A review of Tough Poets Review 02 edited by Kathleen Cullen & Rick Schober

Reviewed by Dr. Gregory Stephenson

Tough Poets Review 02
Edited by Kathleen Cullen & Rick Schober
Spring/Summer (May) 2026
Paperback, 186pp, ISBN 9798234043887

If, as I do, you believe that quirkiness is a dwindling resource and originality an endangered species in this increasingly insipid digital era, then you will be heartened to hear of Tough Poets Review, a new, impressively diverse, bi-annual, literary print journal.

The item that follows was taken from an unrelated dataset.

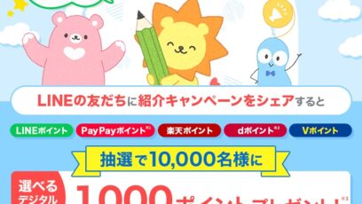 SNS応募の懸賞【LINE懸賞】選べるデジタルポイント1,000ポイントを10,000名様にプレゼント 締切:2025-11-29 みんなでKUMON!ご紹介キャンペーン 賞品:選べるデジタルポイント1,000ポイント(10,000名様) 締切:2025年11月29日(土) LINEの友だちにKU...SNS応募の懸賞大量当選(1000名~)の懸賞ギフト券・商品券が当たる懸賞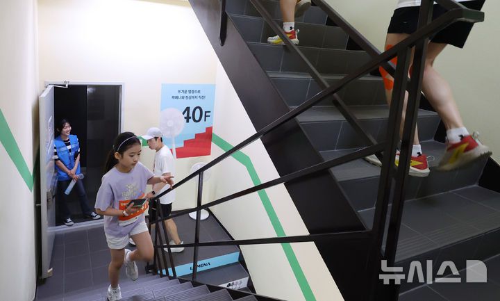 [서울=뉴시스] 추상철 기자 = 14일 오전 서울 영등포구 여의도 63빌딩에서 열린 '한화생명 시그니처 63 RUN' 행사에서 참가자가 40층을 지나며 쉬고 있다. 2025.06.14. scchoo@newsis.com

Issue 02, Spring/Summer 2026—just out—contains fiction, art and photography, poetry, essays and interviews. It is a heady, eclectic mix, ably edited by Kathleen Cullen and Rick Schober. Contributors hail from various cultural traditions and geographical spaces, the latter including West Africa, the United Kingdom, China, Ireland, Canada, Iran, Brazil, the United States and cities in continental Europe. Yet in some fortuitous manner, the modes and minds of the contributors work well together, making this issue a potent compendium of creative energies.

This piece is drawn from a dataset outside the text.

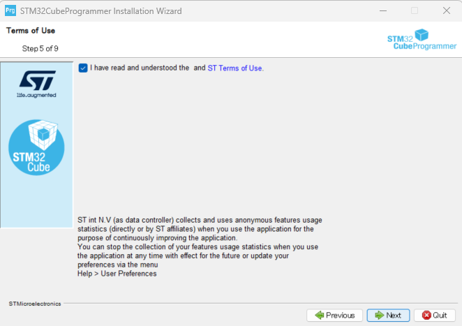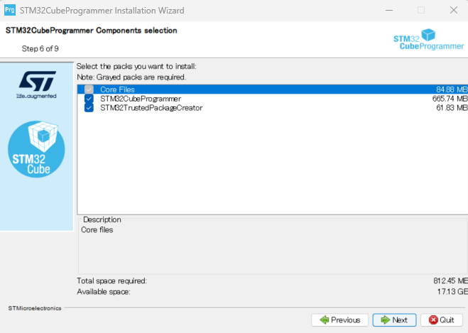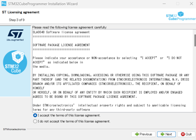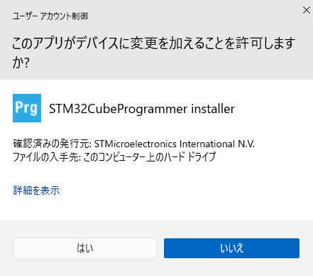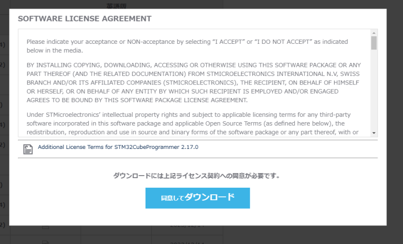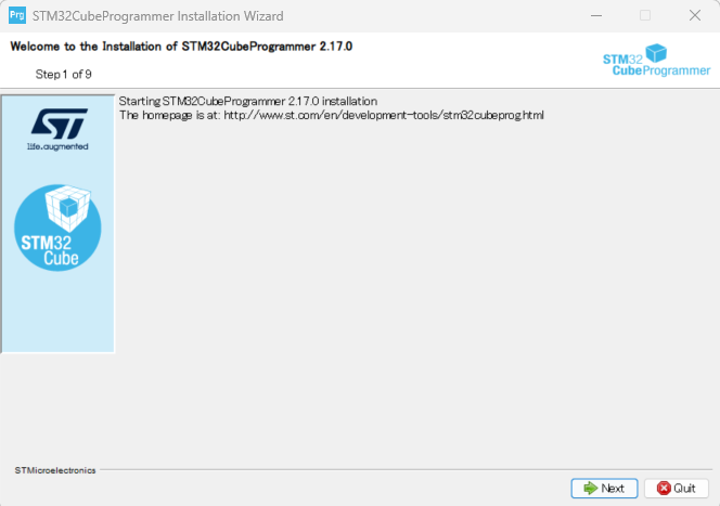 以下のURLより、STM32CubeProgrammerのソフトウェアのインストーラをダウンロードします。

Just to suggest some sense of the vibrant variety of contents that make up the Spring/Summer number of Tough Poets Review (without claiming any of the following as representing favorites or highlights) let me name a cross-section of the contributions. There is a parable-like, prose piece titled “The Panther” by Treat Williams; a delicately lyrical poem called “Gathered Time” by Ashley Hasburgh; a poignant bilingual poem, “Frances/Francesca” by Carolyn Maria Bevington; a preternaturally distinct yet dream-like photograph titled “Joshua Tree” by Edwin Vasquez; a similarly compelling realistic-oneiric photo by Alan Murphy called “The Cloud.” There is Jean Akintoye’s moving, metrical, end-rhymed verse “Humoresque for a Slave;” the hallucinated, haunting poem “I am the crime” by Lydia Lunch; a typographically experimental prose piece “Mister Clean Pain” by Elberto Muller; and reflective, incisive excerpts from Daybook, a journal by Sven Birkerts.

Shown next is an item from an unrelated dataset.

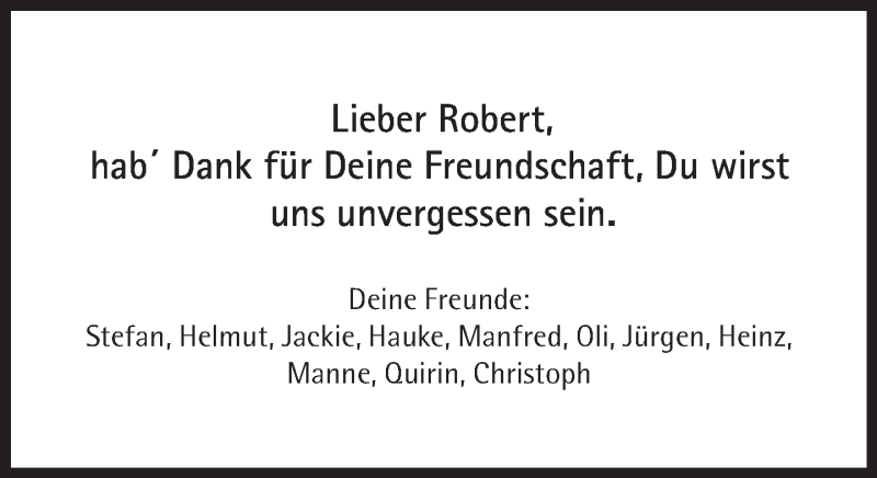 Hier finden Sie alle Traueranzeigen aus der Zeitung, die bisher für Robert Peters erschienen sind. Weitere Traueranzeigen, die in der Zeitung erscheinen, werden hier ebenfalls aufgelistet

In addition, there are hybrid works blending text and illustration such as “Hide, Then Seek” by Pariya Pooladvand, and conversations with other innovative artists, “unbounded by form,” such as Nihaarika Negi. Other contributions in this multifaceted magazine are engagingly aslant, acute, inventive, oblique, connecting with outer or inner worlds in new and challenging ways. Even before the beginning, so to speak, before even opening the magazine to the first page, a jolt of startlement is administered already by the image featured on the front cover of Tough Poets Review 02: a black and white photograph of a disconcerted kitten held up by an anonymous outstretched arm, a composition by the master of Fotografia Metafisica, Herbert List (1903–1975.)

This spirited new journal lives up to its name: solid, uncompromising and shot through with a vigorous lyricism. Tough Poets Review is an adventurous blend of diverse voices and artistic styles, a rich feast for the eye and mind. Literary journals as lively and interesting as this are rarely come by.

About the reviewer: Dr. Gregory Stephenson is a former professor of English, Germanic, and Romance Studies at the University of Copenhagen, and author of Exiled Angel: A Study of the Work of Gregory Corso and The Daybreak Boys: Essays on the Literature of the Beat Generation.